A: Well, yes, sort of. They were almost all in French and were modern Catholic worship songs. When I say “modern”, I don’t mean like US Evangelist music (The Newsboys, Rebecca St James and their rocking-out brethren ). The best description is: I sounded like the Singing Nun. You remember that “Dominique-nique-nique” song and the nun strumming her guitar? It sounded like that. Not terribly “cool”, I have to admit. Luckily, I am unconcerned by “cool”, as my eldest daughter so often informs me. (BTW-I just asked a 40-something American friend if she remembered the Singing Nun. She said "Yes! I LOVED her! Sally Field, right?" No dear, that was the FLYING nun. It's different.)

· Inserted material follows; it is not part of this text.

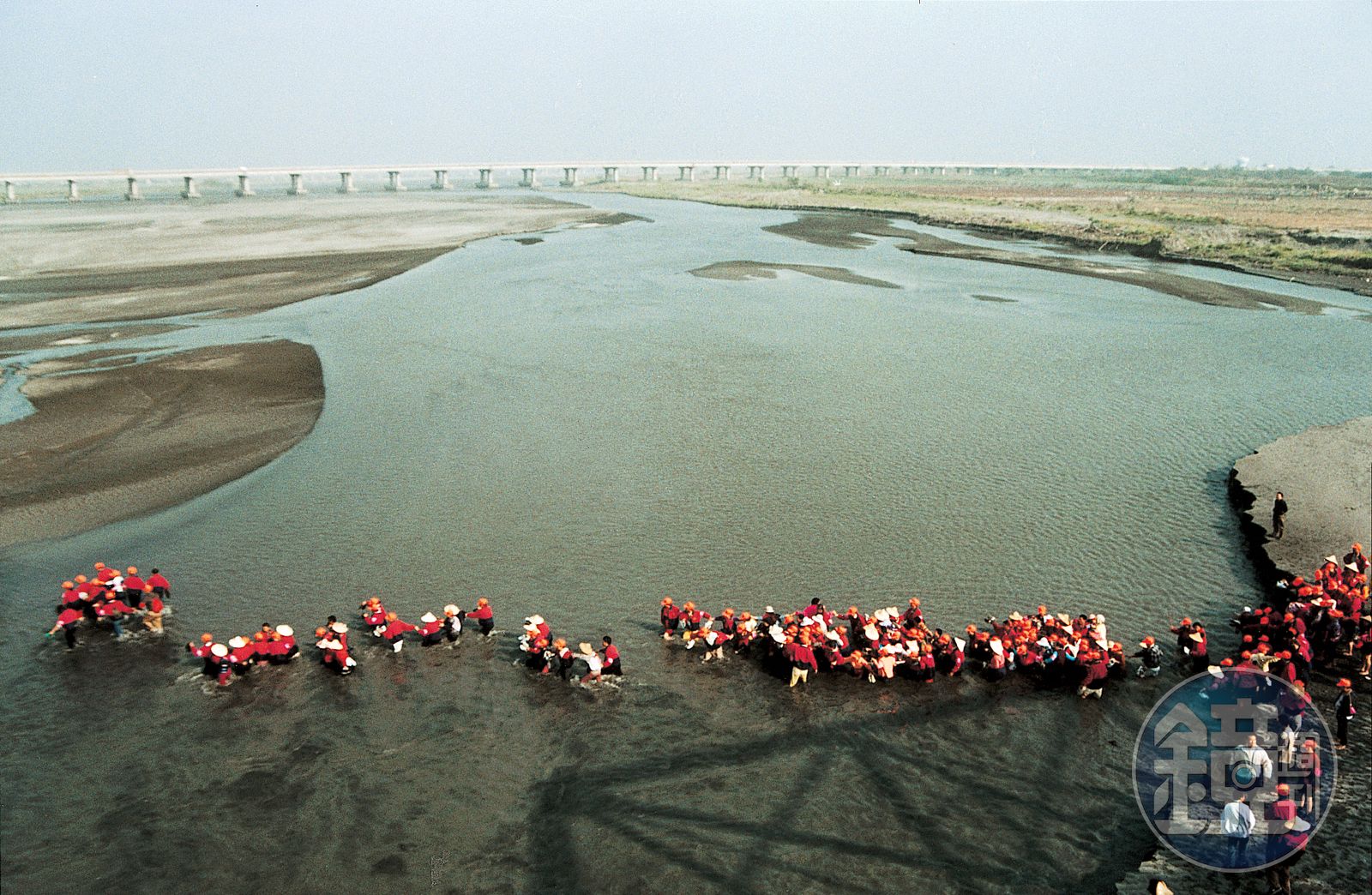 那年轎班感應到媽祖不想走橋,而是要走橋下涉水。「媽祖蹽溪有個功能性,我們用肉眼看不出跡象,但祂就是渡人跟渡無形的東西。」他說的玄妙,但蹽溪的困難卻很真實:「濁水溪有30公分是爛泥巴,底下是流沙,你這個腳沒有跨越第二步,人站在原地會慢慢沉,沉到這個人不見,是蠻危險的。」

The final song was partly in some Zairian language. Translated into French, it meant in part: “We are all the children of the same Father. We will one day see the glory of God.” That's what I was told, anyway. It COULD have been about dead puppies and satanic rituals, set to a perky arrangement.

Q. What kind of back-up did you have?
A. There was an electric piano, a guitarist (acoustic, to get the full Singing Nun-effect going) and a djembé player. The University chorale sang on some of the songs.

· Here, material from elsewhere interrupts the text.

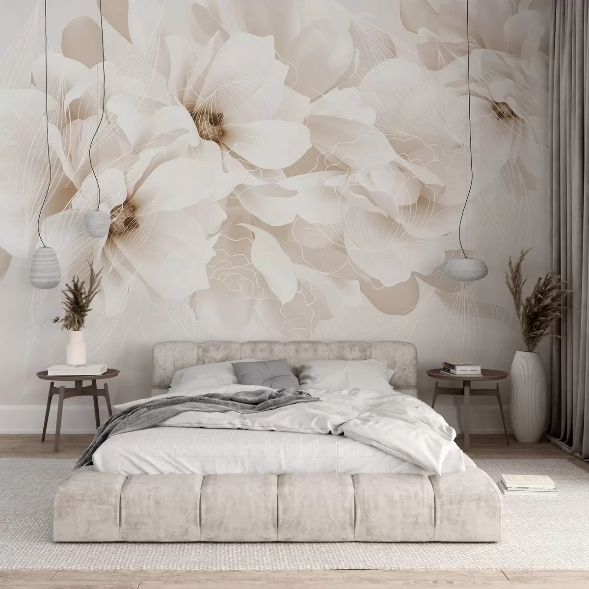 Fotobehang Pastel pioenbloemen met witte en beige bloemblaadjes en witte lijnen op een lichtbeige achtergrond N° w08826v1

One number was a duet with Sylvain, the guitarist.

Q. What did you wear?
A. I wore bright turquoise capri pants with a long gauze tunic over them. The tunic was also turquoise and embroidered with gold threads and sequins. No doubt it sounds a bit flashy for a church where you are, but here I fit it pretty well.
What people wear to church here is rather interesting. You can divide nearly everyone up into three basic groups:
1. The Europeans: Very dull bunch. They will wear old, everyday clothes. Not jeans, of course, but dull colored, loose linen dresses are common. The men dress nicely- no t-shirts, but no suits, either, even on big occasions. Boring.

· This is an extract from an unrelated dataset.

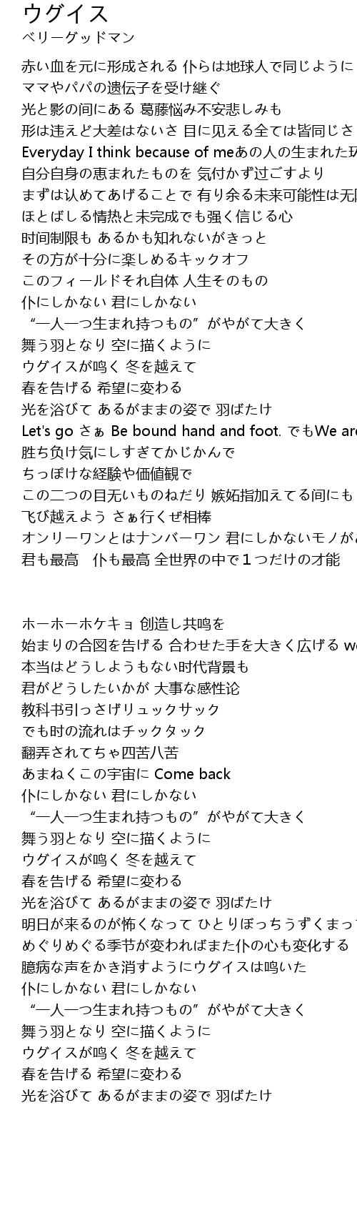 | 歌曲 | ウグイス |

2. The Africans: The dress as nicely as they can afford. The men are in suits, or bright-colored shirts. The women dress to the nines in impeccably tailored outfits in eye-popping patterns. There is always a matching headscarf or shawl. Very uncomfortable-looking shoes are required for both men and women.
3. The Lebanese: The women are always dressed for the evening- even to pick up the kids at school. So, no surprise that they really go over the top for big events. The clothes are very tight and very sparkly. Gold accessories and plenty of them is typical. The men are more middle of the road. Not as showy as the African men, but less sloppy than the Europeans.
Then there’s me- as ever, the odd one out. I am French by marriage, of course, but the clothes are just too boring. So I have a sort of hybrid Euro-Africo-Lebano-American style that I have developed. It consists of:
Bright colors
Glitter, beading, etc. are acceptable
No skirts that bare the knee (inappropriate by local standards),
No pants unless covered by a tunic,
Comfortable shoes (that’s the American part)

Q. Were you any good?
A. I guess I didn’t humiliate myself. At the end of the service there was a “special thank-you” to Beth Jacob, our soloist. A couple of friends came over afterwards to say nice things, but my biggest fan was Mallory. She thought I was fabulous.
I know I could have done better, but that’s how it always goes….. The President did not come by to congratulate me, but I can live with that.

Q. Has the service been on the news yet?
A. No word on that front. We don’t have out TV hooked up, so I never see the news. If no news really is good news, I get plenty of it. No wonder I'm such a happy person!